Stored data:
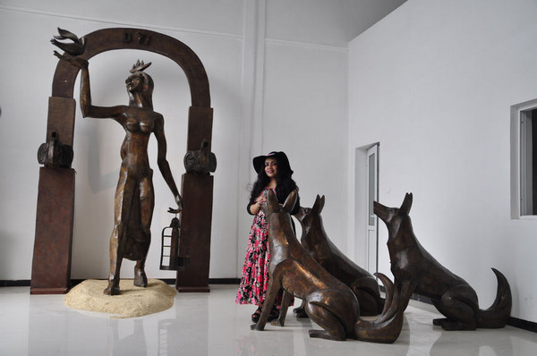 丽金雕塑作品《自由》(图片:中国网记者张军棉摄)
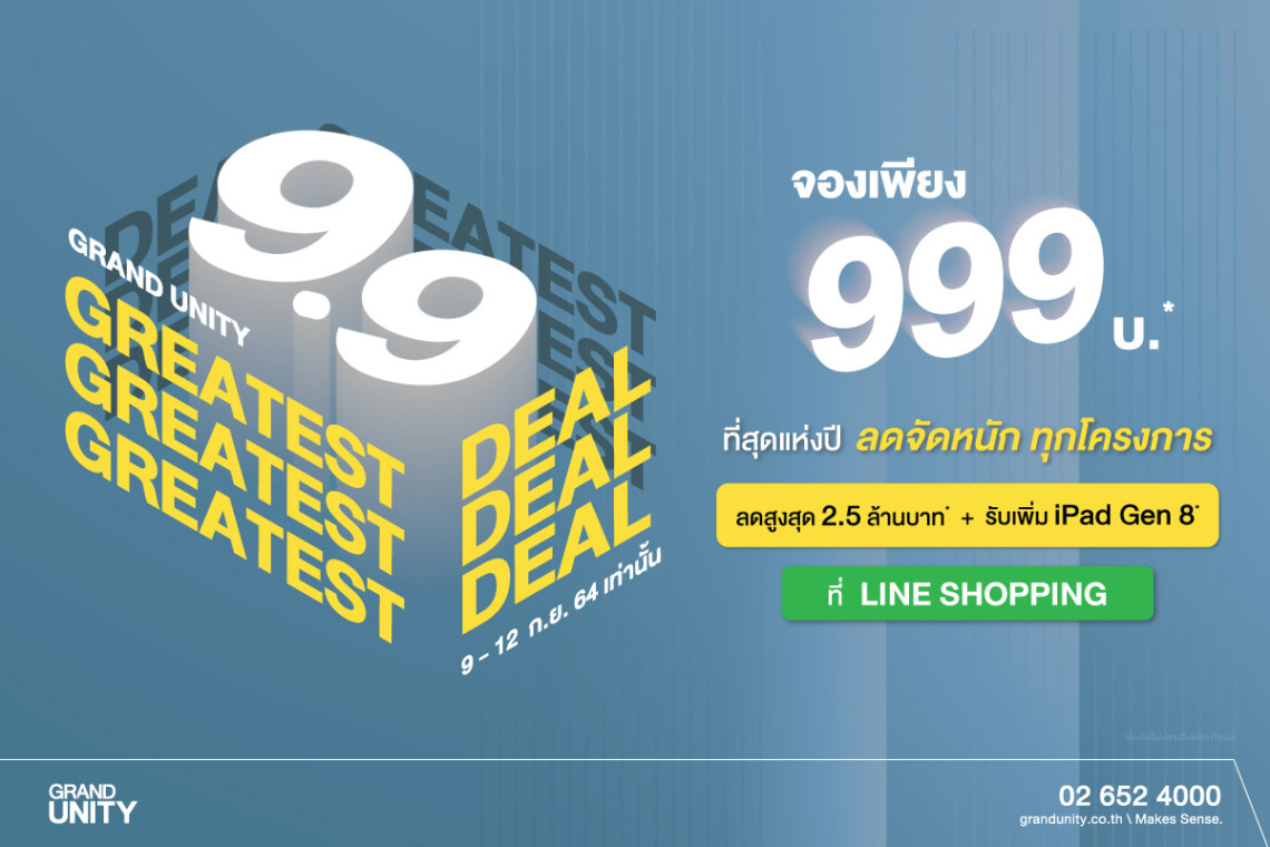 แกรนด์ ยูนิตี้ ส่งโปรฯ แห่งปี ‘9.9 THE GREATEST DEAL’ เจาะกลุ่มนักช้อปออนไลน์จองคอนโดพร้อมอยู่ 999 บาท* ผ่าน LINE SHOPPING ลดสูงสุด 2.5 ล้านบาท*
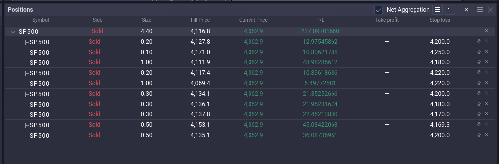 I used multiple orders over a few days, and you can close each trade if you like by pressing the "x" button.
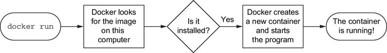 Running docker run a second time. Because the image is already installed, Docker can start the new container right away.
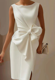 White 3D Bow Sleeveless Sheath Midi Dress simple gentle atmospheric and unique desi Bring summer colors to enhance whiteness - US 2 / UK 6 / EU 32
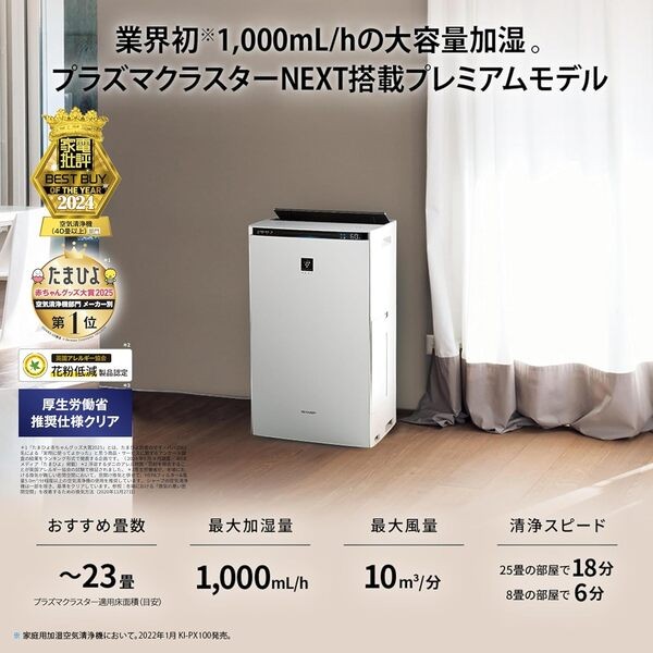 シャープ 加湿 空気清浄機 KI-RX100-W ホワイト プラズマクラスター NEXT(50000) プレミアム COCORO AIR搭載 空気清浄 46畳【自動掃除機能付き】 タンク容量 約4.3L/加湿量1,000mL
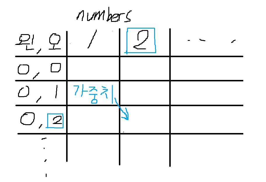 - 계산을 편하게 하기 위해 특정 숫자에서 특정 숫자로 옮기는데 필요한 가중치를 미리 계산한다.
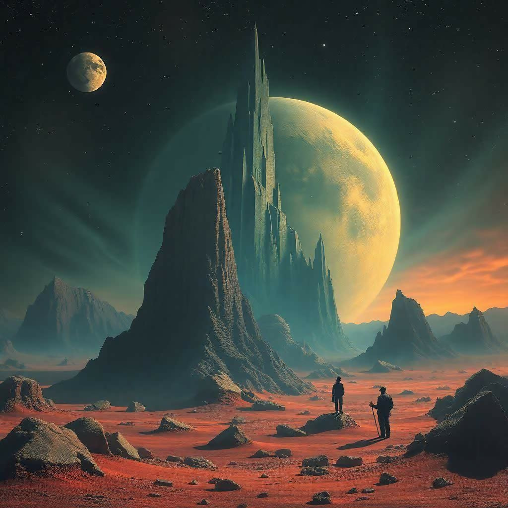 Two explorers stand on the crimson surface of an alien world, dwarfed by towering, jagged rock formations that rise dramatically toward the sky. In the background, a colossal planet looms with a glowing aura, casting an ethereal light over the surreal landscape. Distant moons and a star-speckled sky add to the sense of otherworldly mystery, evoking the feeling of an epic journey into the unknown.
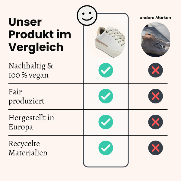 Das Design? Klar. Zeitlos. Alltagstauglich. Tragbar zur Jeans genauso wie zum Statement. Kein Öko-Look, kein missionarischer Vibe – einfach ein schöner, hochwertiger Schuh mit Haltung.
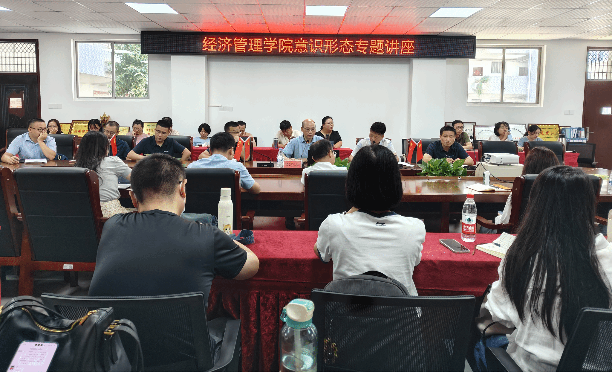 本网讯:9月28日,学校党委委员、宣传部部长邓亦林应邀在经济管理学院作了题为《坚持立德树人初心 筑牢意识形态安全防线——新时代高校教师的责任与担当》的意识形态专题讲座。经济管理学院领导班子成员、全体教职工聆听,讲座由经济管理学院党委书记肖永鸿主持。
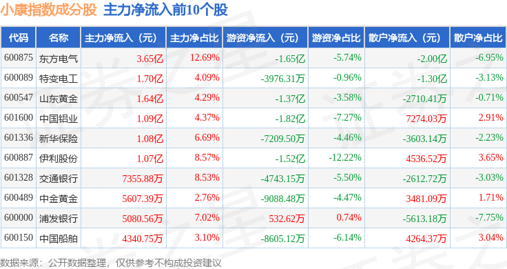 资金流向方面,小康指数(399901)成份股当日主力资金净流出合计39.68亿元,游资资金净流入合计2.74亿元,散户资金净流入合计36.94亿元。成份股资金流向详情见下表:

Task:
May I have only the lines from the start of the data through the line containing "Running docker run", both included, reproduced exactly and without the pictures?

Written answer:
 丽金雕塑作品《自由》(图片:中国网记者张军棉摄)
 แกรนด์ ยูนิตี้ ส่งโปรฯ แห่งปี ‘9.9 THE GREATEST DEAL’ เจาะกลุ่มนักช้อปออนไลน์จองคอนโดพร้อมอยู่ 999 บาท* ผ่าน LINE SHOPPING ลดสูงสุด 2.5 ล้านบาท*
 I used multiple orders over a few days, and you can close each trade if you like by pressing the "x" button.
 Running docker run a second time. Because the image is already installed, Docker can start the new container right away.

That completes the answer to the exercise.